Early stage tech companies would do anything for those first few big wins — especially from blue-chip companies. But we’ve seen more than a few companies who were steered off course by these early wins. The early ‘champions’ were dream customers. They bought into the vision. They loved the product. They ‘got it’. How can that be bad?
The only problem is that these champions turned out to be extremely rare people. Like any early adopter (thanks Geoffrey Moore), they’re generally innovators and visionaries; they’re confident; they trust their own gut feel and are willing to work with young companies and unproven products. If these early champions didn’t exist, neither would the tech industry. But they can fatally mislead early stage tech companies.

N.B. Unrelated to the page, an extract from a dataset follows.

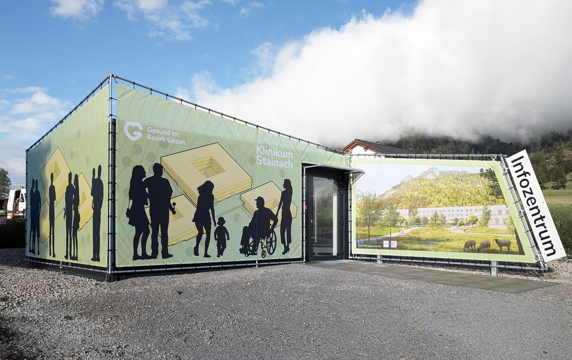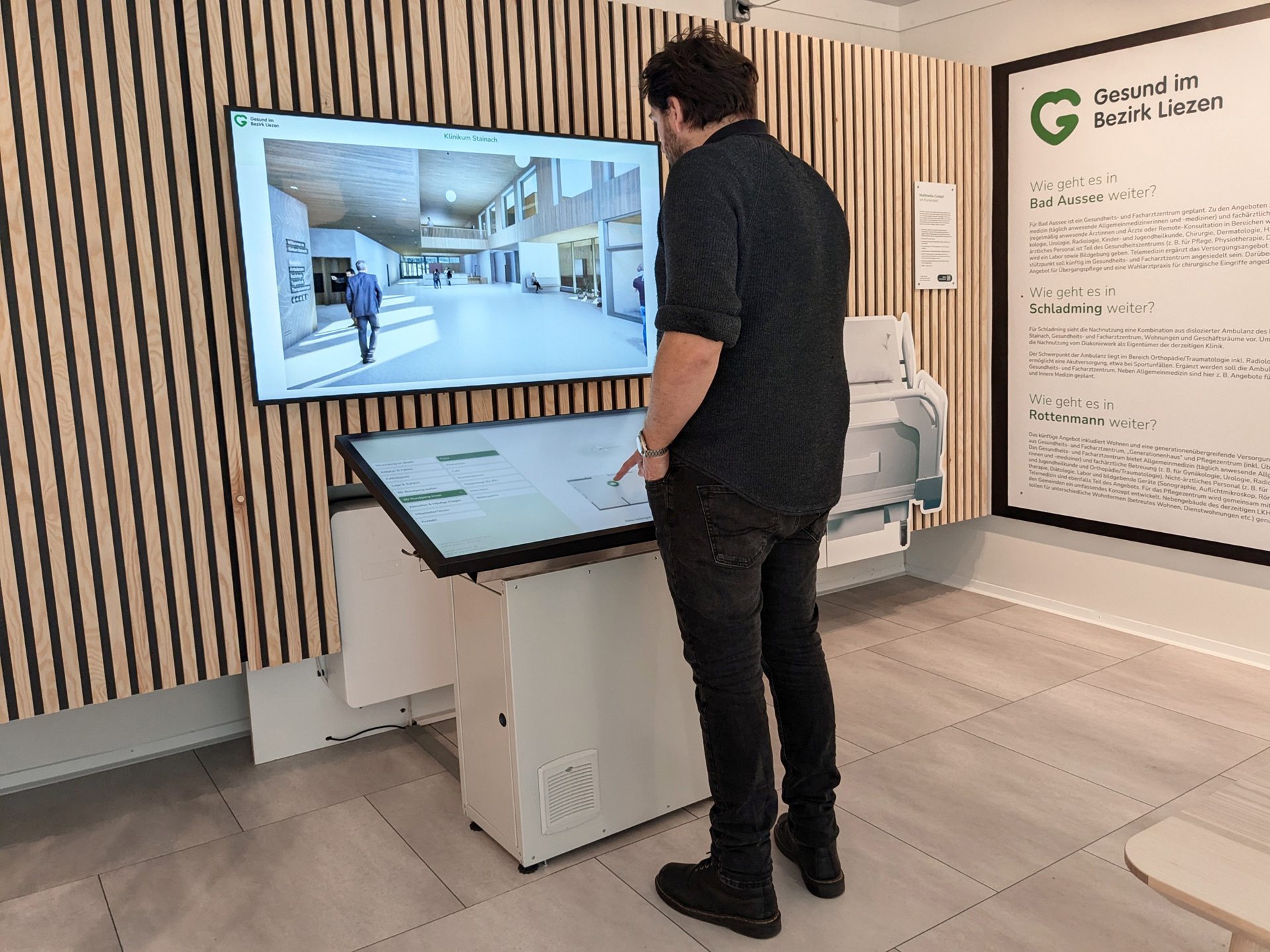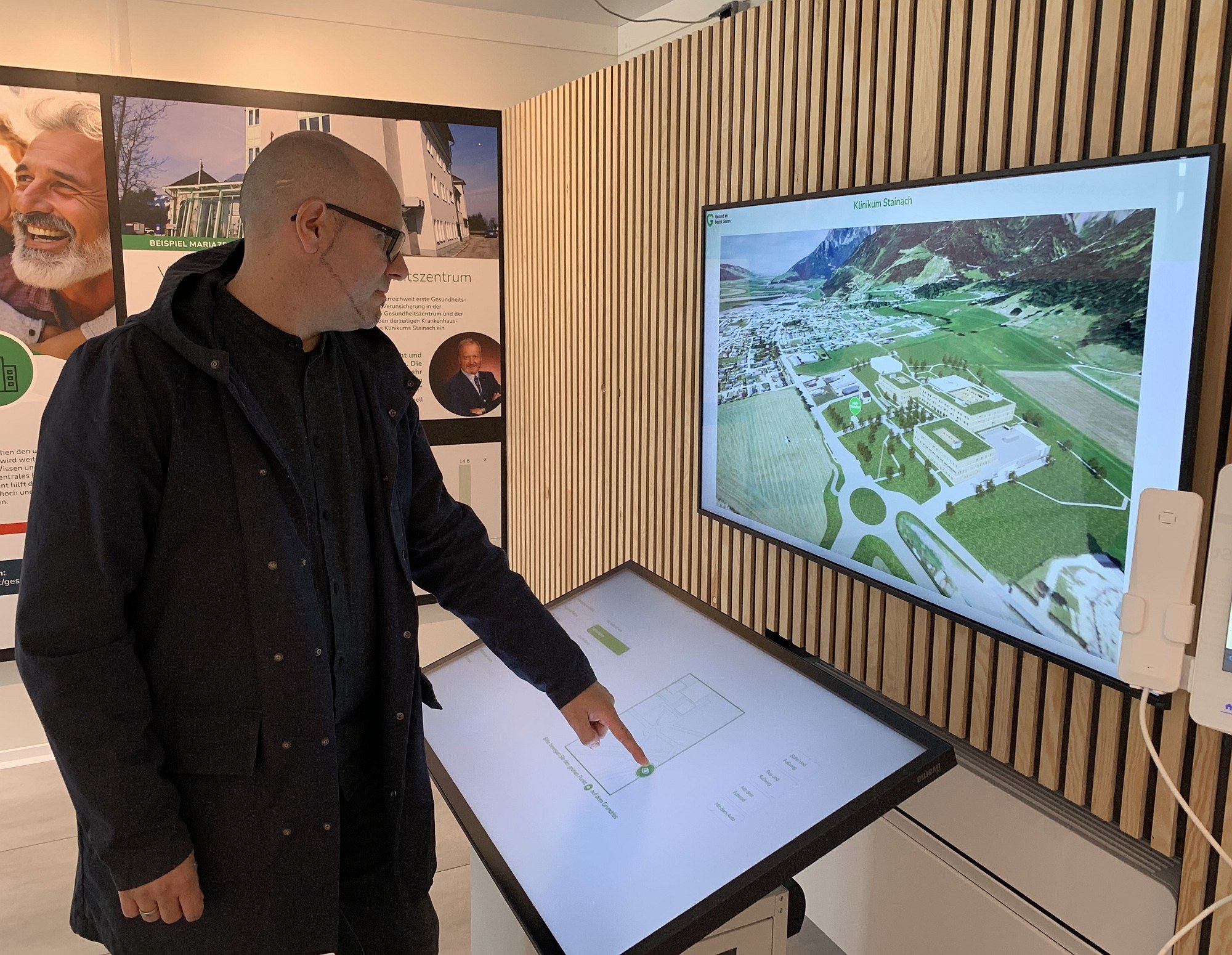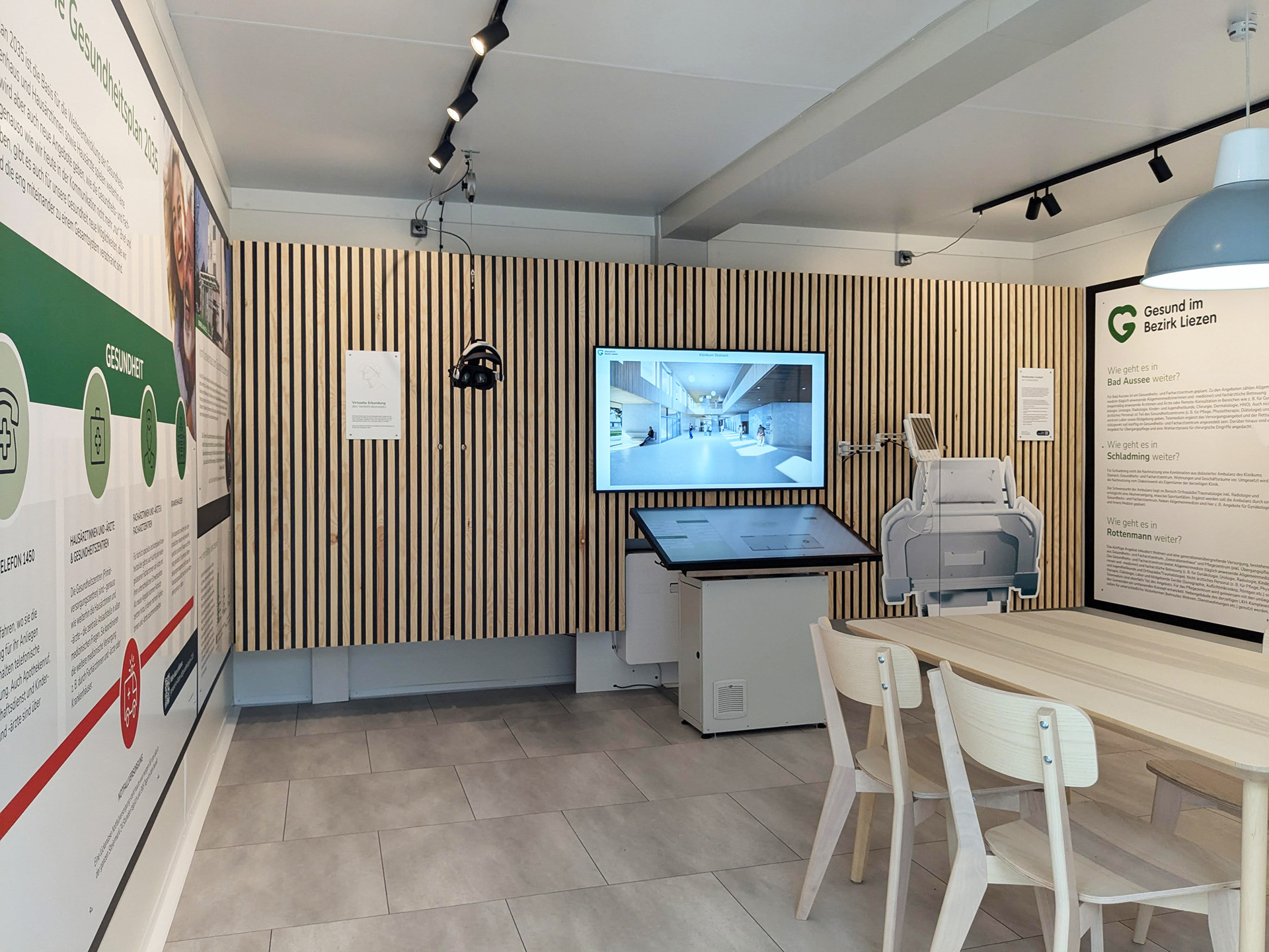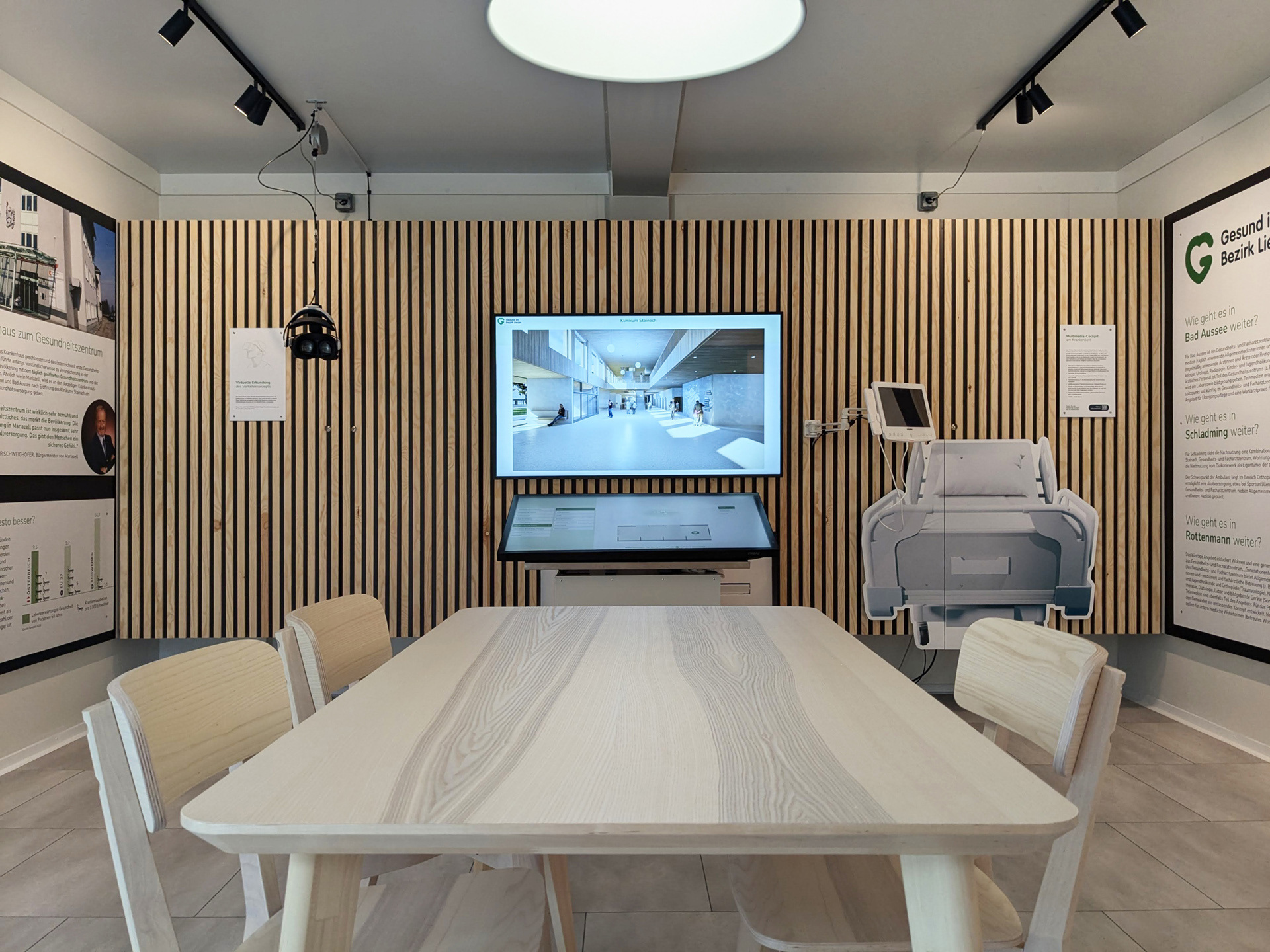 The public can gain an insight into the future hospital. The information centre next to the building site provides an overview of the overall healthcare provision in the Liezen district as well as information on the construction project. The opportunity to take virtual 3D tours rounds off the information on offer.

Moore’s Crossing the Chasm is all about making the transition from these early adopter clients to a more mainstream audience who need different things and are moved by different messages. But we’ve worked with a handful of cases where the first one or two wins were the only wins in sight. In each case, the company, convinced by early success that they’ve got everything right, found it extremely hard to re-focus on the more common buyers: risk-averse people who need a lot more hand-holding and an easier-to-buy product
Also in each case, the vision itself was the problem. Not that it was wrong (usually it was simply ahead of its time) but that most buyers don’t want exciting new visions. They want specific problems solved. The early champions validated the entire vision, so that’s what the company continued to sell. They then waited forever for the next big win, getting bogged down in two-year sales cycles with prospects who look just like the early wins, but are fundamentally different.
Often, the answer is to downplay the vision a bit and break the product up into bite-sized applications. It’s painful, but it can spell the difference between getting customers to fund growth instead of needing lots of early stage investment capital (and the dilution it brings).
Early on, getting twenty $10k wins may actually be better than bagging that $200k elephant. They don’t trample your product development roadmap to suit their specific needs; the sales cycles are shorter; and the sales model is more replicable and scalable — it’s a foundation you can build a business on. One client, Sarah Haskell at Portrait Software liked to call these ‘pointy apps’ to differentiate them from the big, platform sell.
The right balance is to have a vision that underpins the smaller applications and puts them in context. And a set of apps that validate the vision.
No one would say you should turn down the big early wins. Just beware of being lured into the rocks by expecting more buyers to be just like the early ones.